It's been over a year since we first made the Metafilter Frequency Tables
available, and now they're updated with word frequency information for all of 2011 and 2012 as well, bringing the total number of words up to six hundred and thirty-six million. Gosh! (Is a word we've collectively used 5,707 times since 1999!)
posted by cortex to MetaFilter-Related at 11:13 AM (99 comments total)
10 users marked this as a favorite
For some good background on what's in these tables and what a body might do with them, check out the original announcement post
and the wiki page about 'em
But the very short version is that these tables represent the total count of occurrences of any given word in Metafilter comments (specifically from the Metafilter, Ask Metafilter, Metatalk, and Music subsites, just like we cover in the Infodump
), as well as the relative frequency with which each word appears expressed as "parts per million" (or PPM), the number of times that word would appear if the total word count of the source text was exactly one million words.
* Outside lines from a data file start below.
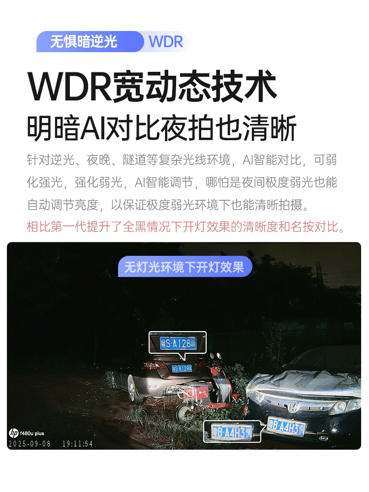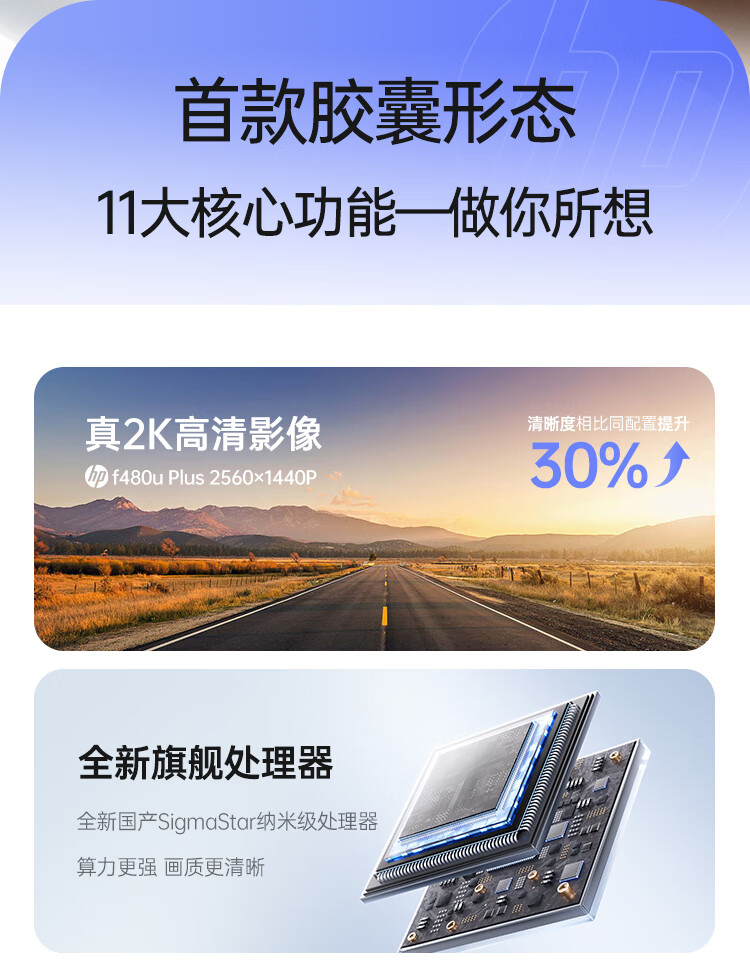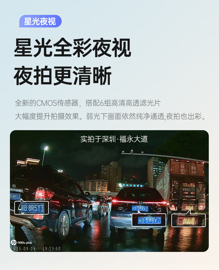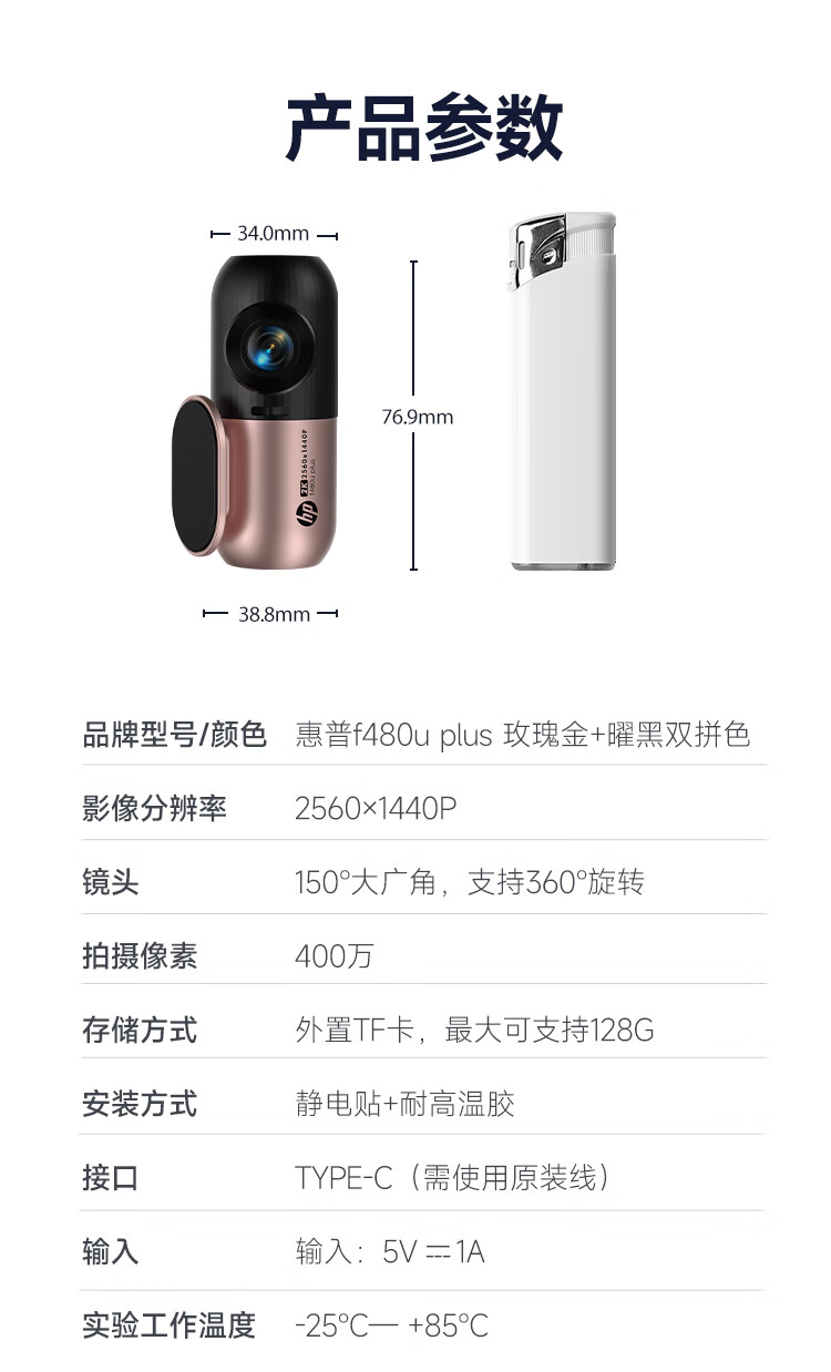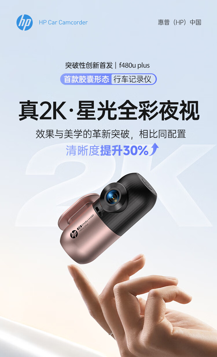 HP driving recorder f480u Plus 2K ultra-clear starlight night vision intelligent voice control 2025 new capsule type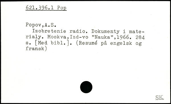 Izobretenie radio. Dokumenty i mate-rialy. Moskva,Izd-vo "Nauka",1966.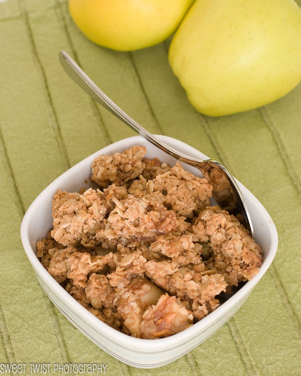 Cinnamon sugar apples, mixed with cheese topped with a maple oat crumble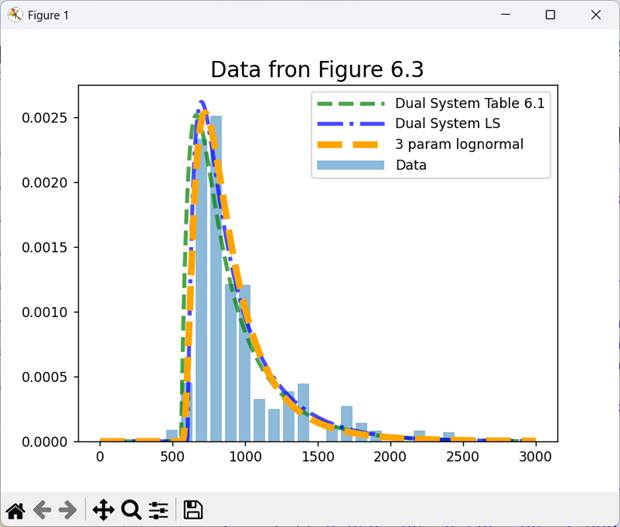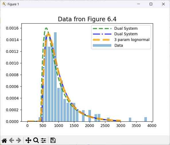 Dual Systemモデルのパラメータは、三ヶ尻(2017)の表6.1の値を用いたものを緑の破線で、最小2乗の基準で極値探索法(Powell法)により求めた値によるものを青の1点鎖線で示した。表6.1の値による緑色の破線はデータに対して少し左寄りであるが、Powell法による値の青の1点鎖線と3パラメータ対数正規分布のグラフはほぼ重なっていて、データの分布をよく表していると言える。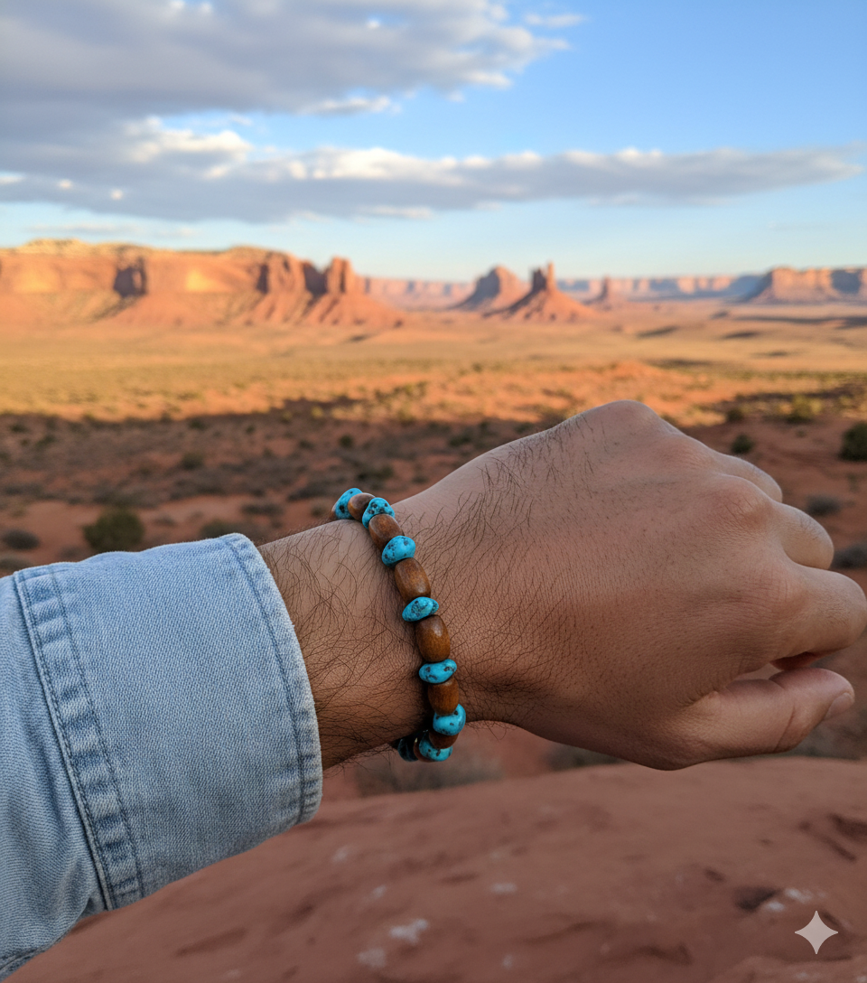 • Materials: Natural Wood, Synthetic Turquoise, Elastic Stretch Cord

If you feel like just doing some basic searching with a text editor's "find" function, the easiest thing is to download one of the "complete
" files and play around with that. If you're feeling like doing some more ambitious datawankery, there's a lot of potentially interesting things to do with comparisons between different subsites, or between the same subsite over time, or comparing the Mefi corpus to other more general linguistic corpora that exist on the internet.